START Data below
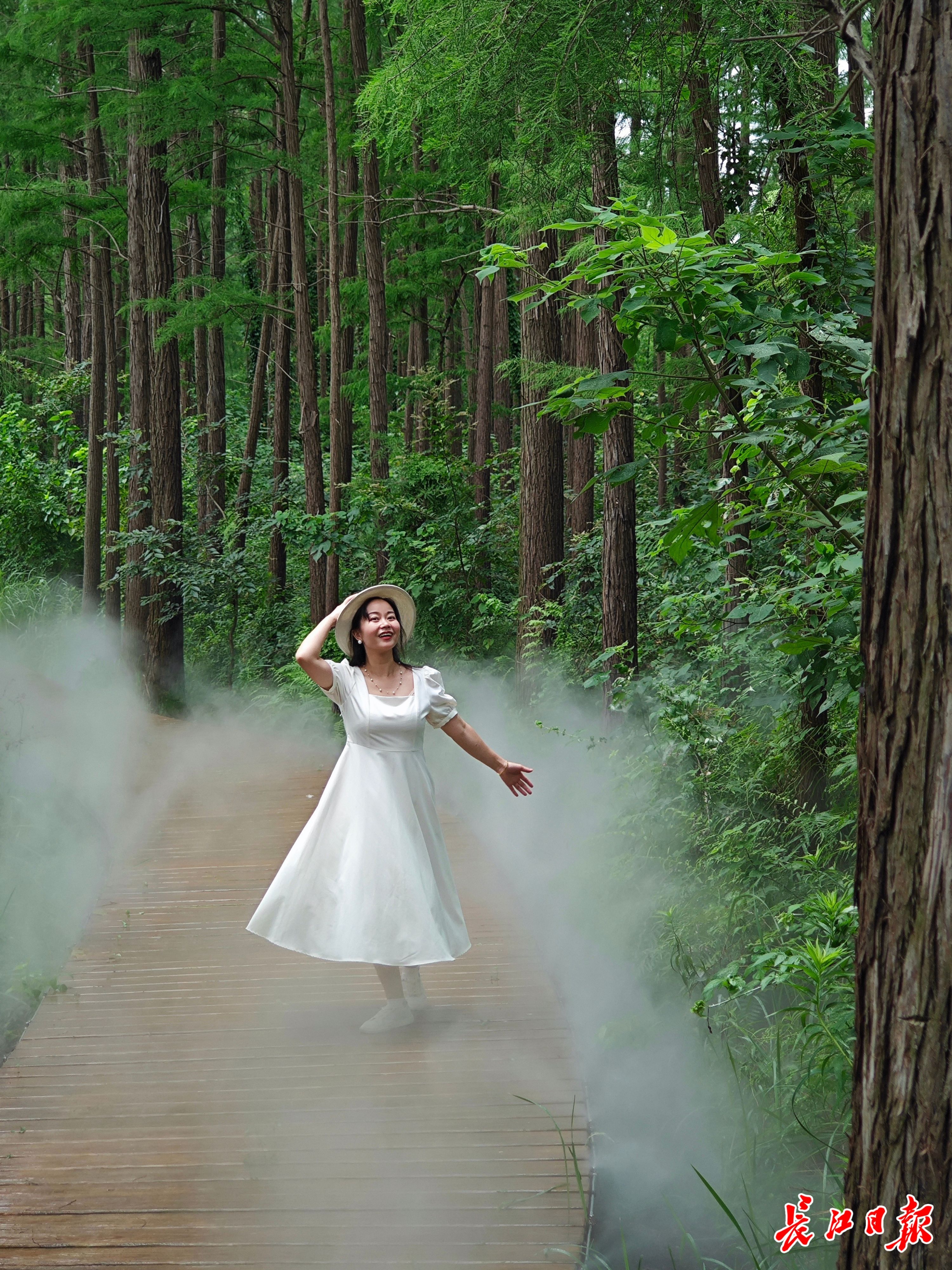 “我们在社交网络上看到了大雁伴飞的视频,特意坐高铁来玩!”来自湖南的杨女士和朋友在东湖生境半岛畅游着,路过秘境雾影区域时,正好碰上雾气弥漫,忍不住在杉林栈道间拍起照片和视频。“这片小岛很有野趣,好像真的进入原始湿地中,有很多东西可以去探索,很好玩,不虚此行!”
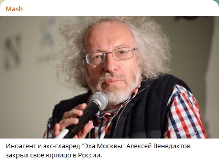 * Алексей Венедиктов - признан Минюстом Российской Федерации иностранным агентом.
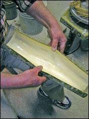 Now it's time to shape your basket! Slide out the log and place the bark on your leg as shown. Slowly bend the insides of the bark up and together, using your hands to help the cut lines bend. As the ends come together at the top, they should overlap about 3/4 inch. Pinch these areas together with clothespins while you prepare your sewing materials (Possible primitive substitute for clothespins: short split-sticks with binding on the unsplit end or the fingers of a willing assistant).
END Data below
Return the listing above word for word, with the pictures removed.

 “我们在社交网络上看到了大雁伴飞的视频,特意坐高铁来玩!”来自湖南的杨女士和朋友在东湖生境半岛畅游着,路过秘境雾影区域时,正好碰上雾气弥漫,忍不住在杉林栈道间拍起照片和视频。“这片小岛很有野趣,好像真的进入原始湿地中,有很多东西可以去探索,很好玩,不虚此行!”
 * Алексей Венедиктов - признан Минюстом Российской Федерации иностранным агентом.
 Now it's time to shape your basket! Slide out the log and place the bark on your leg as shown. Slowly bend the insides of the bark up and together, using your hands to help the cut lines bend. As the ends come together at the top, they should overlap about 3/4 inch. Pinch these areas together with clothespins while you prepare your sewing materials (Possible primitive substitute for clothespins: short split-sticks with binding on the unsplit end or the fingers of a willing assistant).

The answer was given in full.